> What the task requires
Everything from the line containing "Perdelele pot fi" through the line containing "Panorama vom Lilienstein" in the listing below should be copied exactly, and nothing more.

> Data provided
━━━━━━━━━━━━━━━━━━━━

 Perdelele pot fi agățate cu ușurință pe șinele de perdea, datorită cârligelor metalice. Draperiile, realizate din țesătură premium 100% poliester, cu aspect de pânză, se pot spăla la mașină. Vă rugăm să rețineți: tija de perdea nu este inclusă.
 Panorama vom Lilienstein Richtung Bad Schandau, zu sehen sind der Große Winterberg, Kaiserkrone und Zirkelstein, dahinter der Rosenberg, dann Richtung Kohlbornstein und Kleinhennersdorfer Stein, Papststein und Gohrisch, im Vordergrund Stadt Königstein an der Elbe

━━━━━━━━━━━━━━━━━━━━

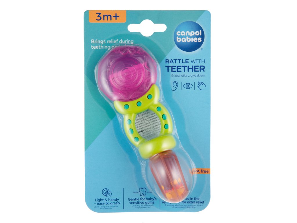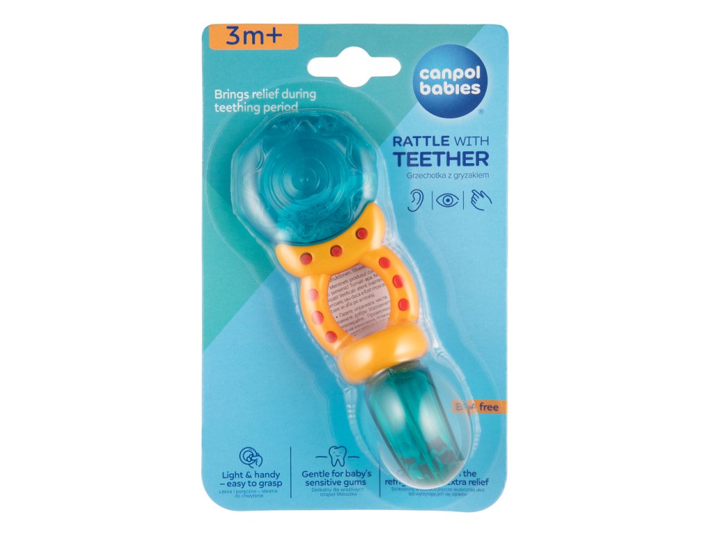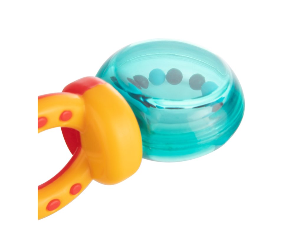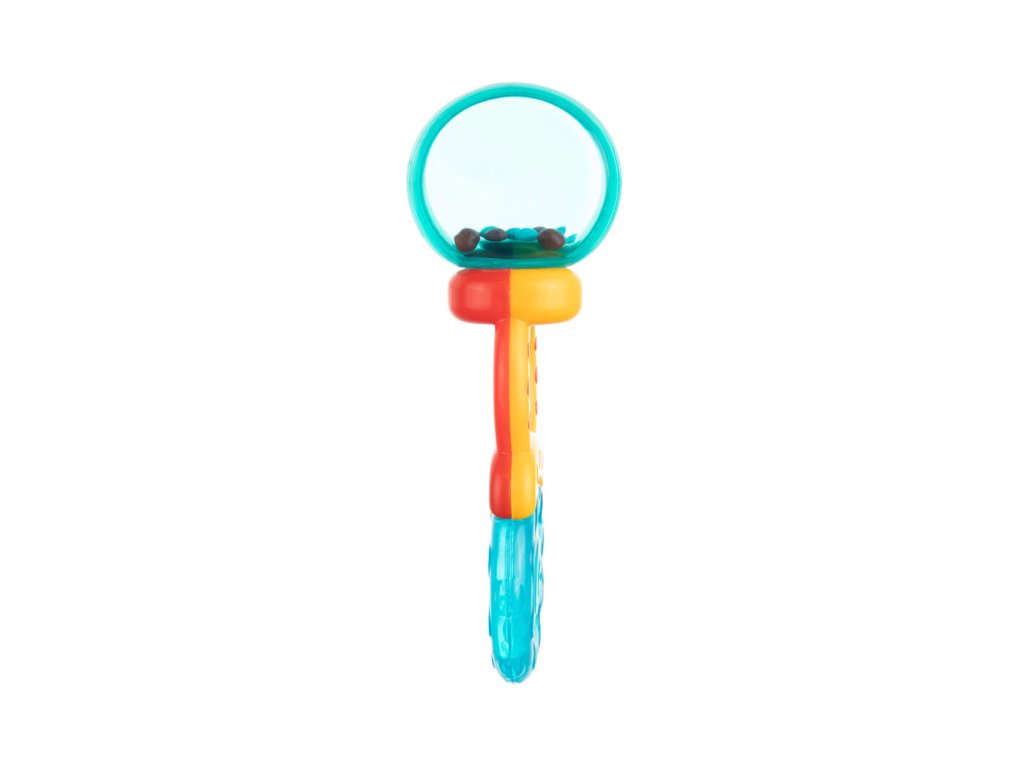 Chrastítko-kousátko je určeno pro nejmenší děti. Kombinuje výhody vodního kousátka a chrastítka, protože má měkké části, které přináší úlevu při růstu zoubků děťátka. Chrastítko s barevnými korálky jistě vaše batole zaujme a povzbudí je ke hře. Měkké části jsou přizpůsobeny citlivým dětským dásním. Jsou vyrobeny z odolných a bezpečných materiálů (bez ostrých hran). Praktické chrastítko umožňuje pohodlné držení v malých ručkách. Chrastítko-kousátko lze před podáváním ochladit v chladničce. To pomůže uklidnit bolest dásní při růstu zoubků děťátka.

━━━━━━━━━━━━━━━━━━━━

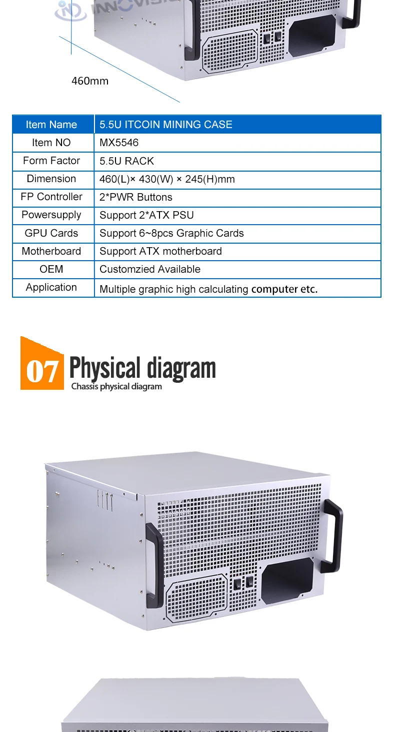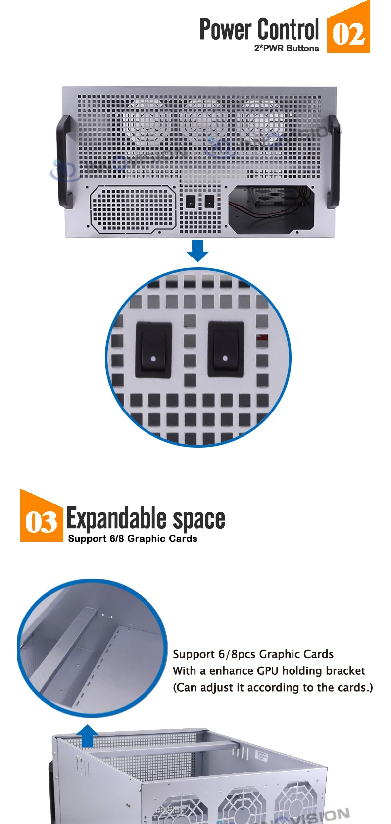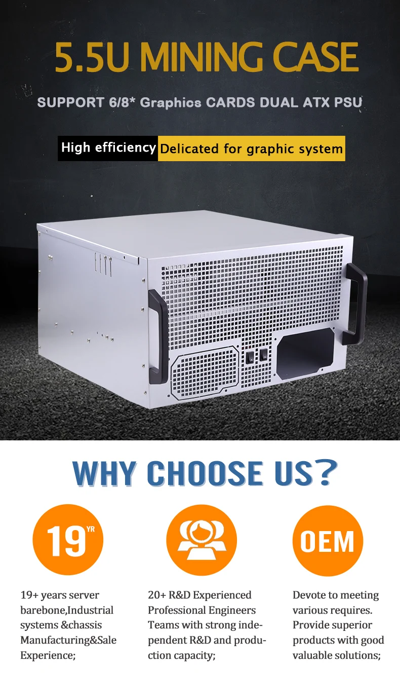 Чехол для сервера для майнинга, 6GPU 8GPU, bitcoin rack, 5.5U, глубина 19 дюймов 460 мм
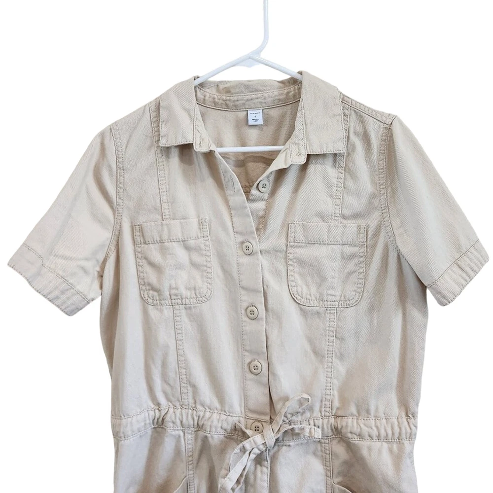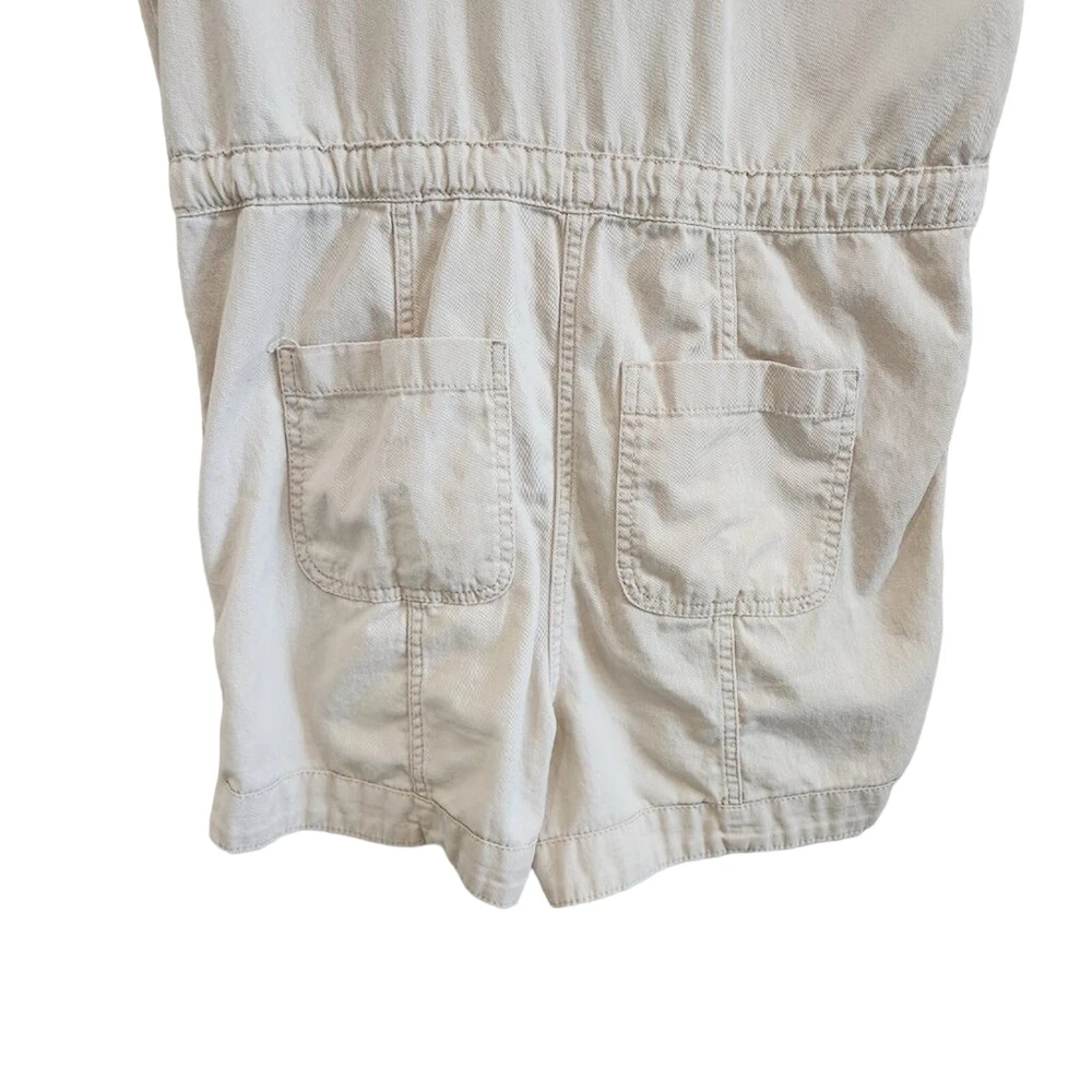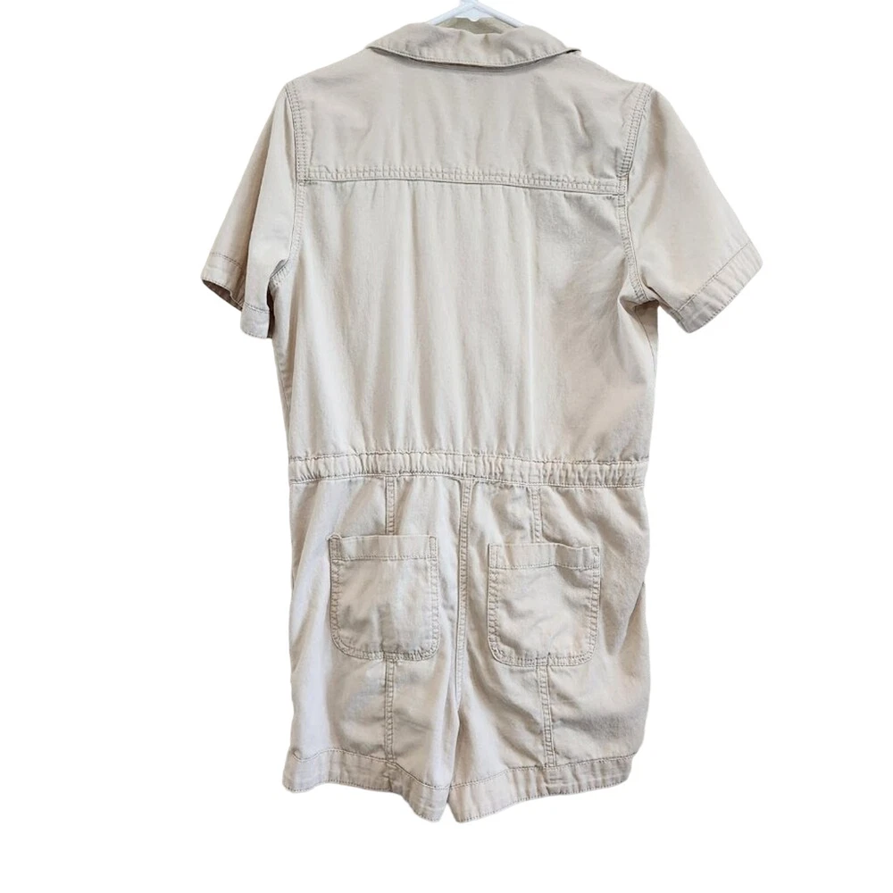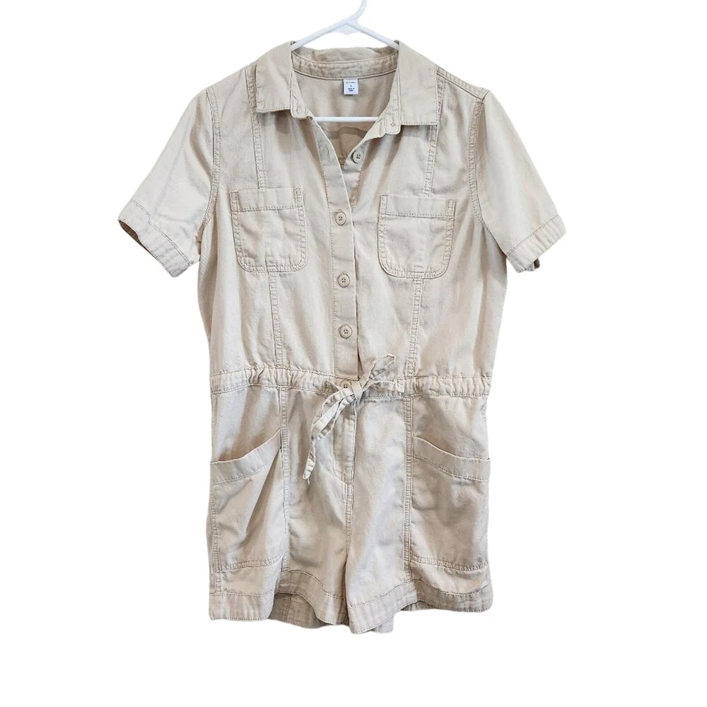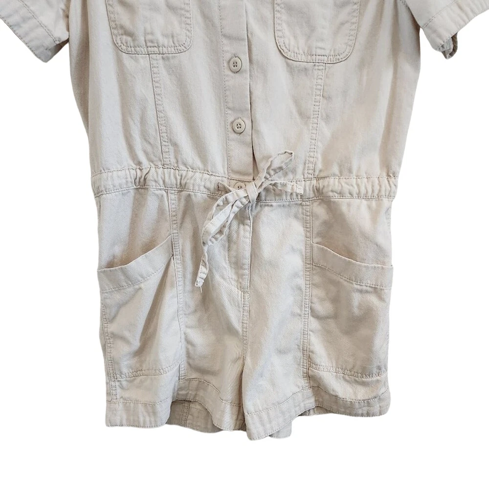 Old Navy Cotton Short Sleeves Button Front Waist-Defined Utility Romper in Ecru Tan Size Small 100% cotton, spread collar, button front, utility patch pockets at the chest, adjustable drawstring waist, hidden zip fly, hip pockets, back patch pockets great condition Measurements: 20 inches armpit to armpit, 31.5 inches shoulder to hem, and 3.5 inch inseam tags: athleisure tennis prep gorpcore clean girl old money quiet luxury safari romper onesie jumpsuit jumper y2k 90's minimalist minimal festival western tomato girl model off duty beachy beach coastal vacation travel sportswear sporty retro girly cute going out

━━━━━━━━━━━━━━━━━━━━

> Output for this exercise
 Perdelele pot fi agățate cu ușurință pe șinele de perdea, datorită cârligelor metalice. Draperiile, realizate din țesătură premium 100% poliester, cu aspect de pânză, se pot spăla la mașină. Vă rugăm să rețineți: tija de perdea nu este inclusă.
 Panorama vom Lilienstein Richtung Bad Schandau, zu sehen sind der Große Winterberg, Kaiserkrone und Zirkelstein, dahinter der Rosenberg, dann Richtung Kohlbornstein und Kleinhennersdorfer Stein, Papststein und Gohrisch, im Vordergrund Stadt Königstein an der Elbe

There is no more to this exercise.